Is it possible to convert gravitational energy directly into electrical energy? It is possible to produce strong gravitational accelerations on the free electrons of a conductor in order to obtain electrical current. This allows the conversion of gravitational energy directly into electrical energy.
Considering that there is formal analogy between gravitational theory and electromagnetic theory, then it seems like that such a proposition is possible, at least theoretically.
And if it is indeed possible to convert gravitational energy into electrical energy, will it imply potential destruction of natural gravitational field?
 A: Suppose you have a charged parallel plate capacitor, with fixed equal and opposite charges on the plates. Both plates are parallel to the ground (i.e. perpendicular to the gravitational field). The upper plate is fixed, and the lower plate can be released to fall a certain distance under the influence of gravity. You release the lower plate, and the plate spacing gets bigger as it falls. Neglecting fringe fields, the electric field between the capacitor plates stays the same, but now occupies a greater volume, so more energy is stored in the electric field. You have converted gravitational potential energy directly into electrical energy. You have not destroyed the gravitational field in the process.
A: Electromagnetic interaction is about $10^{35}$ times stronger than gravitational interaction, which is why e.g. a television cathode ray tube (yes, I'm old) would work all the same on the Moon as on Earth, even though the Moon's gravitation on the surface is only a fraction of the Earth's.

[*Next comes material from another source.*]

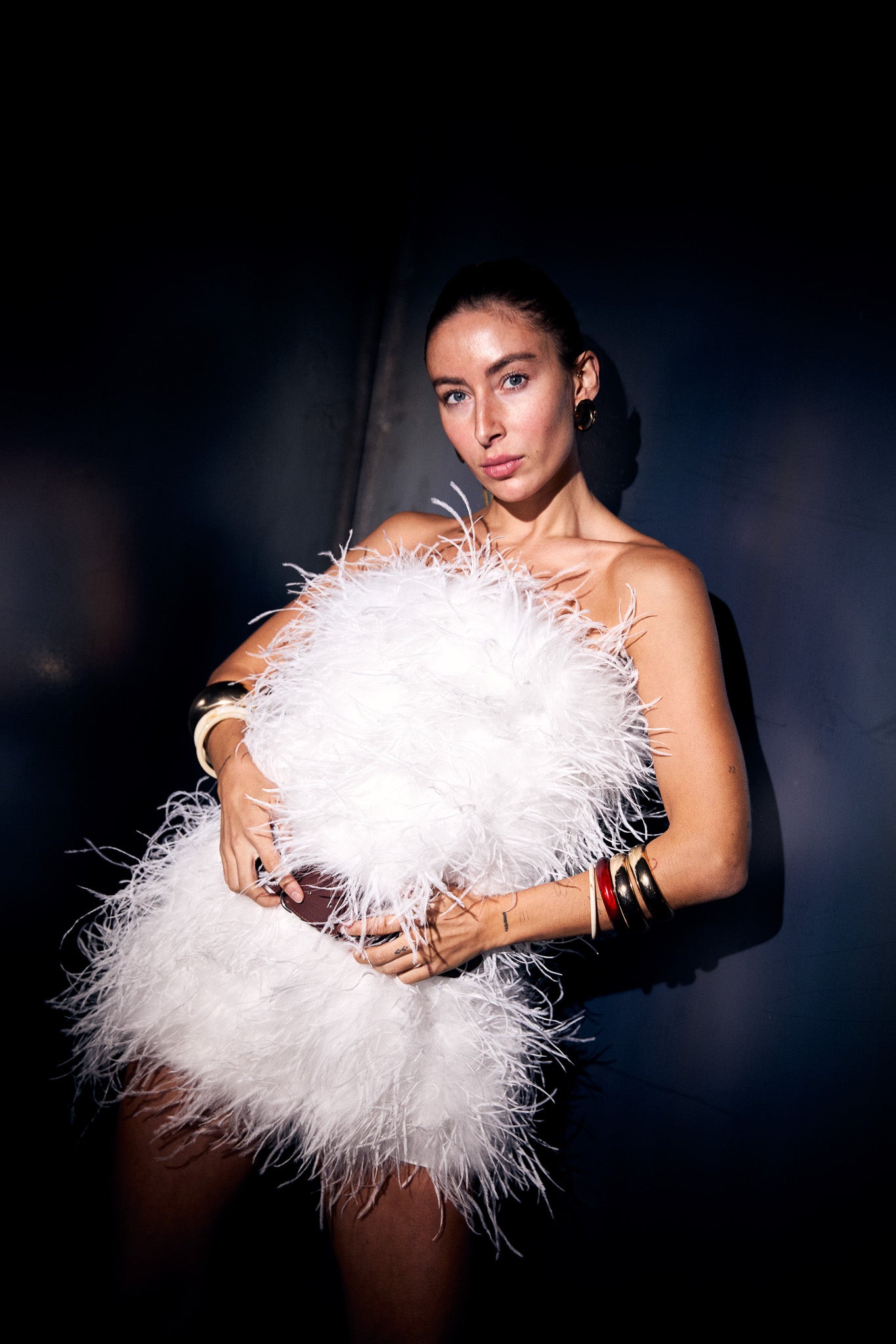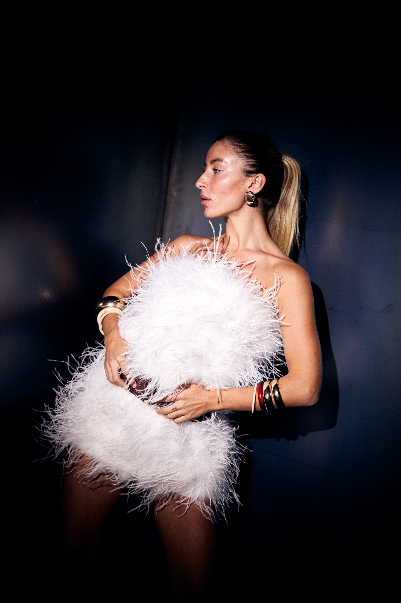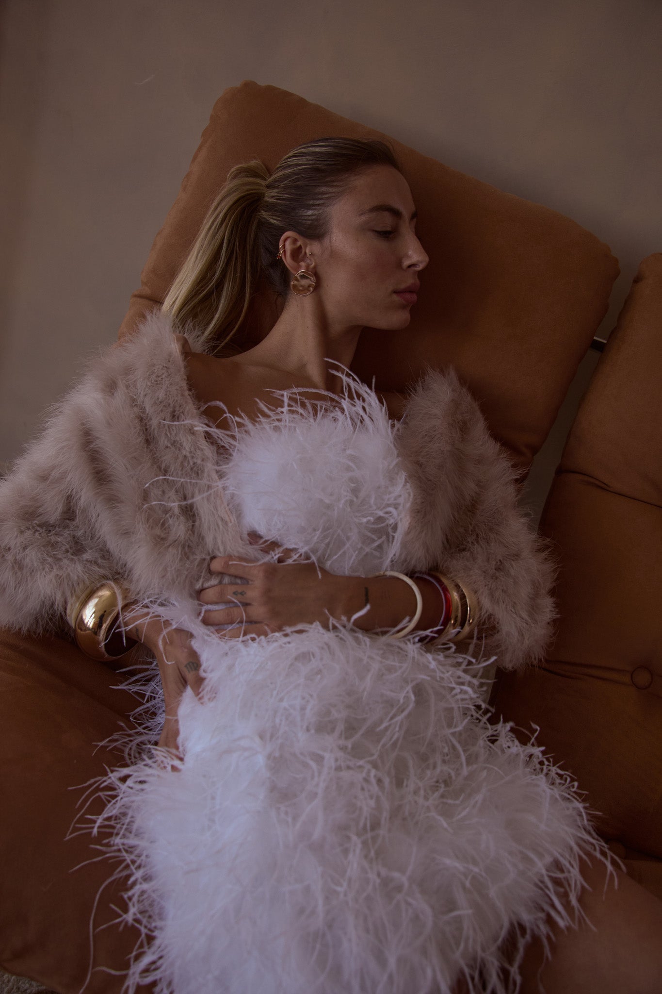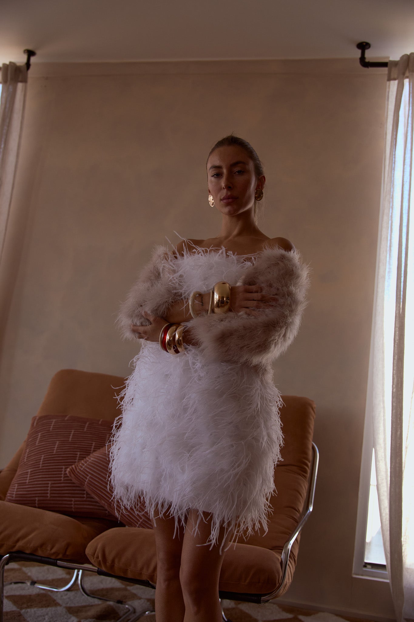 Save the last dance.. And STEAL THE SHOW in this Ostrich feather dress.
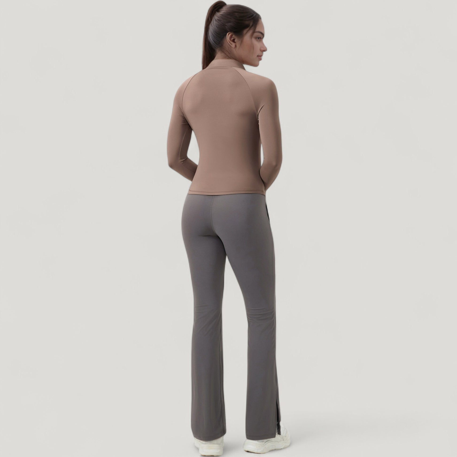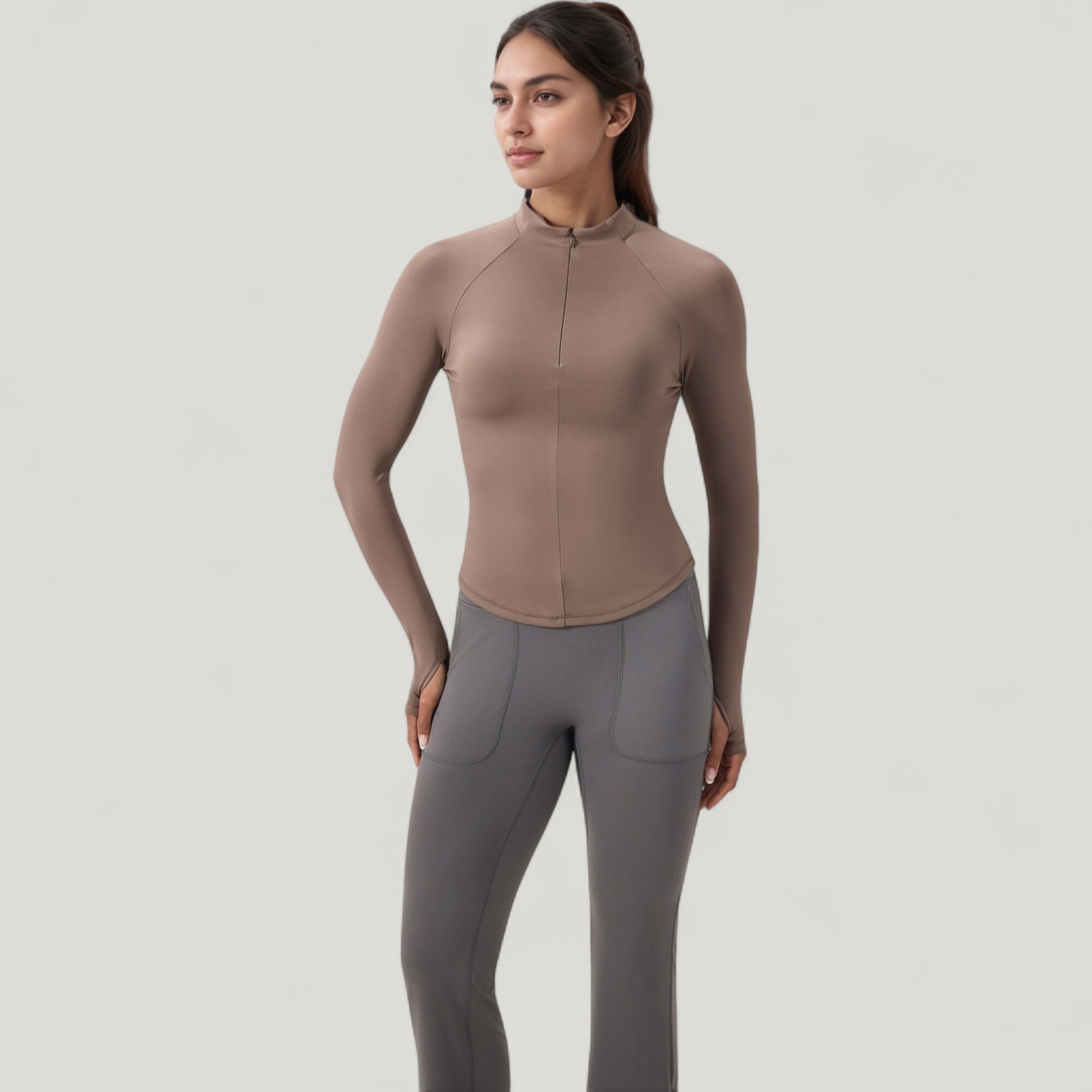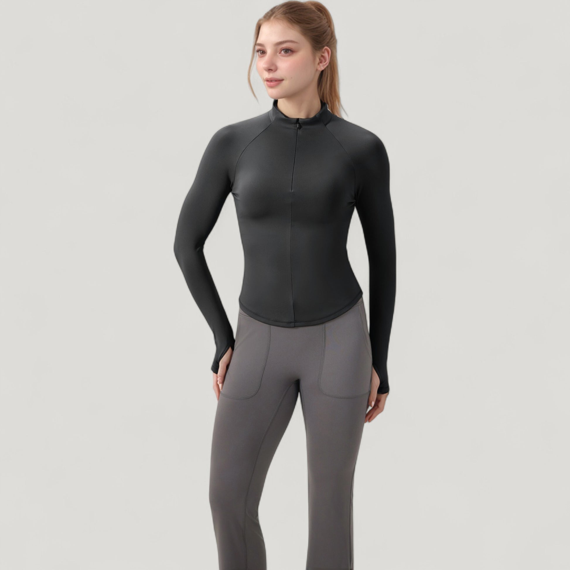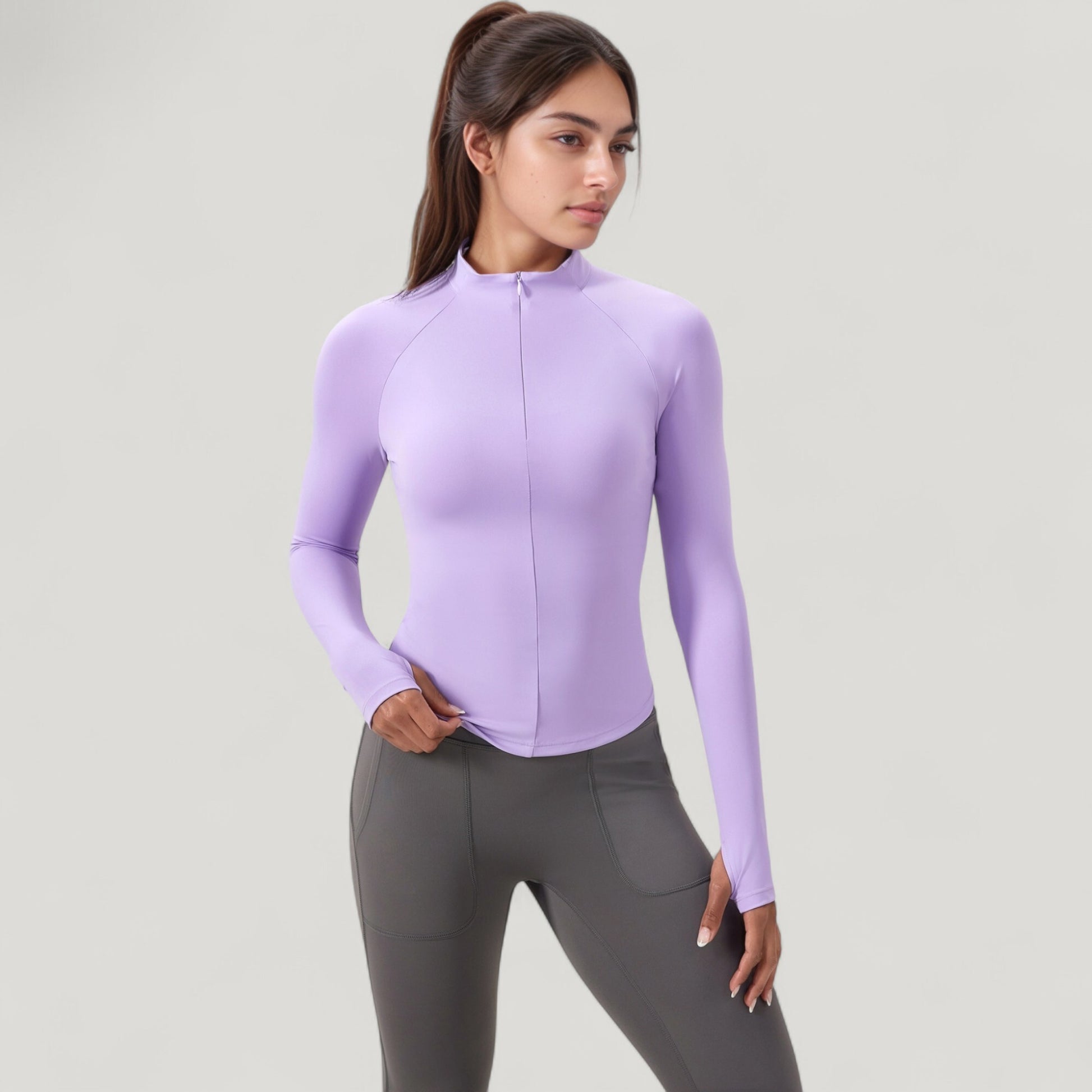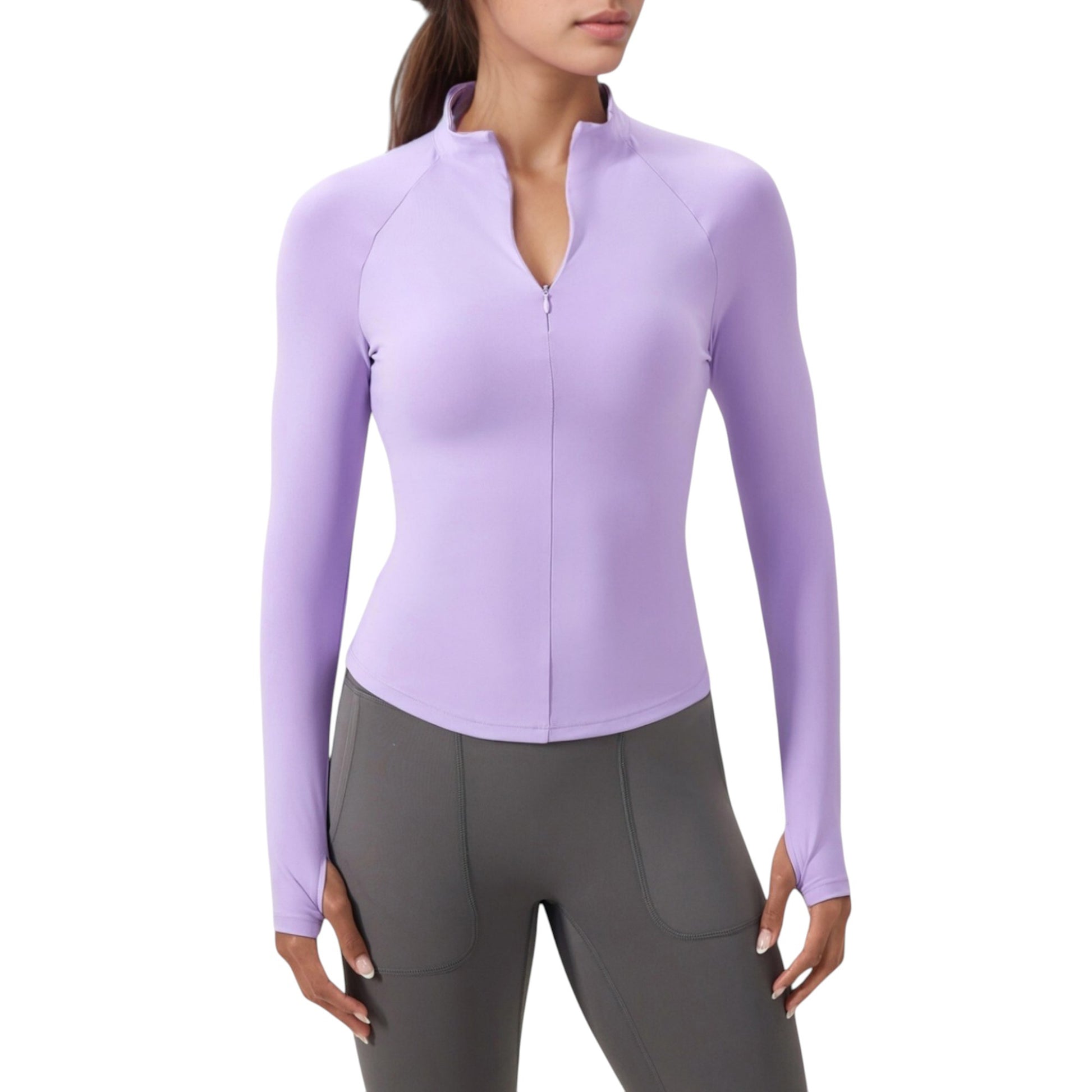 The Anna-Kaci Women's Long Sleeve Half-Zip Active Jacket offers a sleek, performance-ready design with a flattering slim-fit silhouette. Featuring a mock neck for added coverage, this jacket includes a half-zip closure for adjustable ventilation and thumbhole cuffs to keep sleeves in place during movement. Crafted from lightweight, stretchy performance fabric, it provides comfort, flexibility, and a polished look for workouts or casual outings.

The electrons are so fast that they have left the apparatus before they even notice they are in a gravity well: At 3000V in a  CRT they are apparently accelerated to 1/10 c, or 30,000,000 m/s, giving them 33 nanoseconds or so within a 1 m CRT. During that time they fall $s = 1/2 a t^2 = 1/2 * 9.81m/s^2 * (33*10^{-9}s)^2 \approx 5.3*10^{-15}m$.
Electrons are also very light, hundreds of times lighter than the neutrons and protons, and therefore are heavily accelerated by electric fields but don't gain much energy from gravitational fields. Even the capacitor experiment suggested by Puk doesn't use the gravitational force on the electrons (much) — those would go wherever the electrostatic field wants them to. Instead, he converted the gravitational energy of the much heavier protons and neutrons. It is also noteworthy that the vast majority of atoms in a normal metal plate capacitor is electrically neutral. The charge is measured in Coulomb, which is $6.24*10^{18}$ electrons, as opposed to about $10^{25}$ atoms in a kg of copper. At a charge of 1 Coulomb in a one kg capacitor there are about a million neutral copper atoms before you are finding a lacking or excess electron. If all of the atoms were ionized the electrostatic force would be much stronger than the gravitation.
A: If you have two objects that are charged with the same polarity, but the electrical force between them is slightly less than the gravitational pull, then they will accelerate towards each other, but this acceleration will be partially counteracted by the repulsion between them. The gravitational field goes work on the objects, the objects do work on the electrical field, and so part of the gravitational potential energy is converted to electrical potential energy.